Trimethylamine N-oxide impairs perfusion recovery after hindlimb ischemia

Abstract

Background: The circulating level of trimethylamine N-oxide (TMAO) has been reported to be associated with the prognosis of of peripheral arterial disease (PAD) patients. However, the effects of TMAO on neovascularization and perfusion recovery after PAD are not known.

Methods: Unilateral hindlimb ischemia was generated in mice as experimental PAD model, TMAO or 3,3-dimethyl-1-butanol (DMB) were added to the drinking water for these mice. In cultured endothelial cells, TMAO was added to culture medium to assess the effects on cell viability and tube formation under simulated ischemic conditions.

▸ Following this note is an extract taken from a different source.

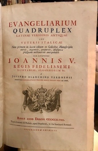 Evangeliarium quadruplex latinae versionis antiquae seu veteris italicae. Nunc primum in lucem editum ex Codicibus Manuscriptis aureis, argenteis, purpureis, aliisque plusquam millenarias antiquitatis.
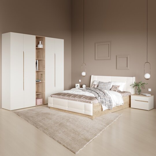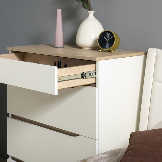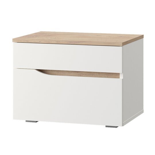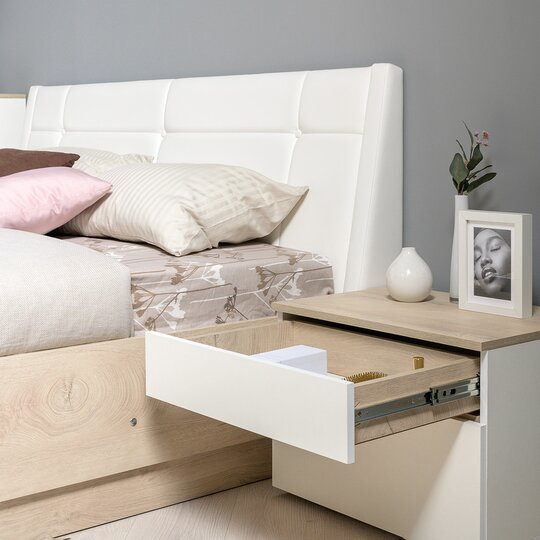 Тумба прикроватная с двумя выдвижными ящиками на шариковых направляющих полного выдвижения. Лицевую фурнитуру заменяет стильный вырез, за которым видно древесный декор корпуса. Регулируемые пластиковые опоры.

Results: In experimental PAD, TMAO treatment increased malondialdehyde (MDA), interleukin (IL)-1β and IL-6 in the ischemic muscle, impaired perfusion recovery, and decreased capillary density. On the other hand, mice fed with DMB drinking water showed lower TMAO level, interleukin (IL)-1β and IL-6, and higher vascular endothelial growth factor in the ischemic muscle, and better perfusion recovery after experimental PAD. In cultured endothelial cell, TMAO decreased intracellular nitric oxide, cell viability and tube formation, and increased intracellular reactive oxygen species levels.

Conclusions: TMAO increases oxidative stress and inflammation, and impairs perfusion recovery and angiogenesis in experimental PAD.

Keywords: Angiogenesis; Perfusion recovery; Peripheral arterial disease; Trimethylamine N-Oxide.